Thanks for this reference, it's nice to see new development in this area.
I like the language agnostic approach and the format seems to cater for many key concepts. It's also nice that it automatically creates parsers out of a specification.
Kaitai Struct seems to be a bit low level, though, probably to make it more machine readable.
Let's take their example for a GIF file format:
Code: Select all
meta:
id: gif
file-extension: gif
endian: le
seq:
- id: header
type: header
- id: logical_screen
type: logical_screen
types:
header:
seq:
- id: magic
contents: 'GIF'
- id: version
size: 3
logical_screen:
seq:
- id: image_width
type: u2
- id: image_height
type: u2
- id: flags
type: u1
- id: bg_color_index
type: u1
- id: pixel_aspect_ratio
type: u1
In more common format specification languages, which are based on programming language datatype definitions, this would become something similar to this (when keeping the meta-info as is):
Code: Select all
meta:
id: gif
file-extension: gif
endian: le
struct header
ascii_char[3] magic = 'GIF'
uint_8[3] version
struct logical_screen
uint16_t image_width
uint16_t image_height
uint8_t flags
uint8_t bg_color_index
uint8_t pixel_aspect_ratio
I think it's easier to understand what the intent is, if it's written in ways similar to the one shown last. This is because datatypes are always explicit (magic and version are not in Kaitai Struct), and the visual structure of the text already suggests the structure of the file/file format.

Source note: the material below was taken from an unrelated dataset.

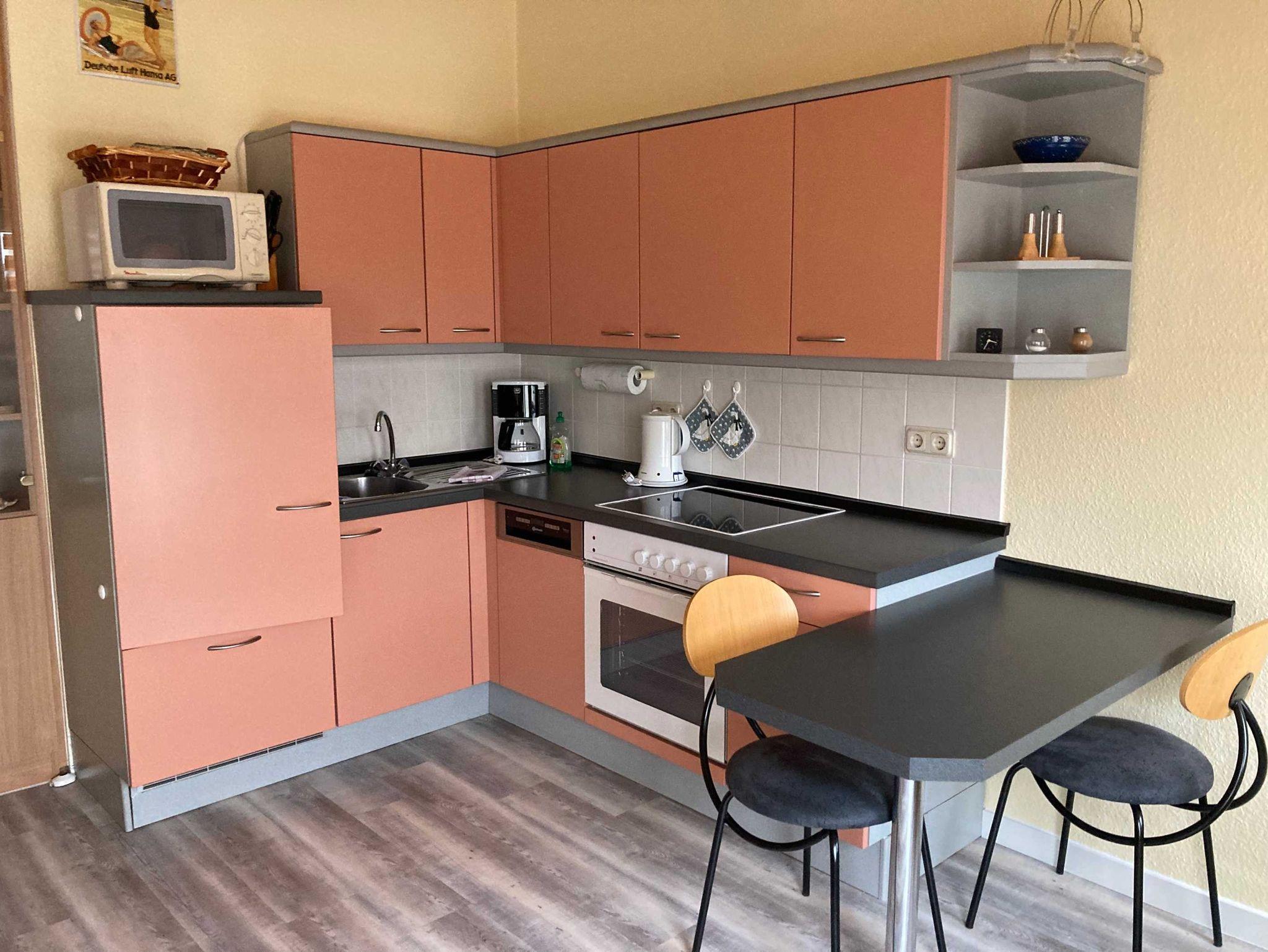 Die Ausstattung der Einbauküche ist funktional und qualitativ hochwertig unter anderem mit Toaster, Kaffeemaschine, Herd, Cerankochfeld, Geschirrspüler, Gefrierfach. Große West-Dachterrasse mit Blick auf die Dächer von Koserow.

If you want to express a hierarchy, you could do so as well, using indentation:
Code: Select all
struct header
ascii_char[3] magic = 'GIF'
uint_8[3] version
struct logical_screen
uint16_t image_width
uint16_t image_height
uint8_t flags
uint8_t bg_color_index
uint8_t pixel_aspect_ratio
Here you have a top-level structure header, that has a sub-structure logical_screen. (
Katai Struct calls this type and sub-type.)
Alternatively, you could add a structure member named logical_screen with the structure type logical_screen_t like this:
Code: Select all
struct header
ascii_char[3] magic = 'GIF'
uint_8[3] version
struct logical_screen_t logical_screen
uint16_t image_width
uint16_t image_height
uint8_t flags
uint8_t bg_color_index
uint8_t pixel_aspect_ratio
There are many binary file specification formats, one of the most complete is this (while some of its syntax is a bit hard to parse "mentally"):
http://hmelnov.icc.ru/FlexT/index.eng.html
Its documentation is not complete and its main description in Russian. Some documentation can be found here:
http://hmelnov.icc.ru/FlexT/FLEXT_CSCC99.htm
But especially when you look through the format specifications, you see the breadths of concepts that are supported:
http://geos.icc.ru:8080/scripts/WWWBinV.dll/Cat
Link above seems to be dead, but this one seems to be the current link (15.9.2019):
http://hmelnov.icc.ru/geos/scripts/WWWBinV.dll/Cat